Please don’t misunderstand this paragraph. Just because I didn’t try or demonstrate acceptance of the information you presented, does not mean I didn’t appreciate the gesture. Please understand that I have likely considered the impact on all the other concepts that I have heavily researched and it may not fit into my world – right now.

5 – Many of your pre-conceived notions, even if based on an experience of a family member or close friend, will be wrong.
Many people look at me and state “you look good”.  I need to work on my reaction to it (I don’t react well).  My initial reaction is to ask – “how am I supposed to look?” A typical misconception about Cancer patients – not everyone loses their hair.  People assume that I must not be on an aggressive treatment plan, or really impacted, because I still have my beautiful mane.
Every Cancer is different.  I have the 5th most fatal Cancer in Canada.  That is because most patients (more elderly than I) cannot absorb the punishment of treatment.  They also cannot absorb the major surgery trauma of the only option if treatment isn’t going as planned.  They give 6 months between 3 rounds of BCG in a session because of the energy drain and to allow my body to recover.  Most of you will not see the side of me that is completely exhausted.  I have told my oncologist that I want the most aggressive course of treatment that he is allowed to give.

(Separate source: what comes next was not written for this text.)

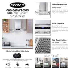 Cosmo’s COS-668WRCS75 combines curved glass and stainless steel perfect for any modern kitchen. The flowing designs of our 30″ wall mount range hood kitchen hood come with a 380 CFM centrifugal motor that traps smoke and fumes from lingering in your home. Cosmo Range Hoods include ARC FLOW Permanent Filters that are the only filters needed to provide greater airflow and are dishwasher safe for easy clean-up. Featuring a High-tech LCD touch control panel to manage multiple functions, including 3 fan speeds and LED lighting for added visibility.

6 – Don’t think it can’t happen to you.
I spent pretty much my entire adult life so far in the Military.  Almost all people I know in the Military avoid the Base Hospital/Doctors as much as humanly possible – think Monty Python and the scene with the Black Knight.  Big tough guys and girls figure that they can just walk it off, everything will be fine – 2x Tylenol and don’t worry about it.  Well, it doesn’t always happen like that.
If something isn’t right, you need to get it looked into.  I was diagnosed as a 43 year old non-smoker with the Cancer of a lifetime smoker in his 70s.  I wasn’t even symptomatic.  Talking to my Urologic Oncolgist, I had some indicators, but not something that I would have considered being “something wrong”.
I know that the concept among aviators was that you would end up grounded.  I think I can honestly say right now, being grounded while the docs chase a weird anomaly – probably not the worst thing that can happen.

To repeat a quote I got from Colon Cancer friend Colin – “Get your head out of your ass and get a camera up there”.  As my peer group aged, we always made the jokes about when it was time for people to get “the check” when the aircrew medical of that magical year came up.  Colin was in his early 30s, wouldn’t have been due to be checked for a number of years.

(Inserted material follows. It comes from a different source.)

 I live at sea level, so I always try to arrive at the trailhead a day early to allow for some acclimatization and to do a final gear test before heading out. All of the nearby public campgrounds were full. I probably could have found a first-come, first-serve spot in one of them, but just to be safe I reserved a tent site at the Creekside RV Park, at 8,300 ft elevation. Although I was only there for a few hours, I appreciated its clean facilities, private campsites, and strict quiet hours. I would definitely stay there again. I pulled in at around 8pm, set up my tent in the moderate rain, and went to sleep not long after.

Don’t think it can’t happen to you, early detection is critical to the long-term survival, so if something in your body doesn’t feel or look right – get that shit checked out.

As I said, it wouldn’t be a list of 10… these are the more important points to me.  Every Cancer patient will be different, and have their own list of priorities.  That makes perfect sense – every Cancer is different, which results in a completely different treatment plan.  Thanks for joining me on this journey.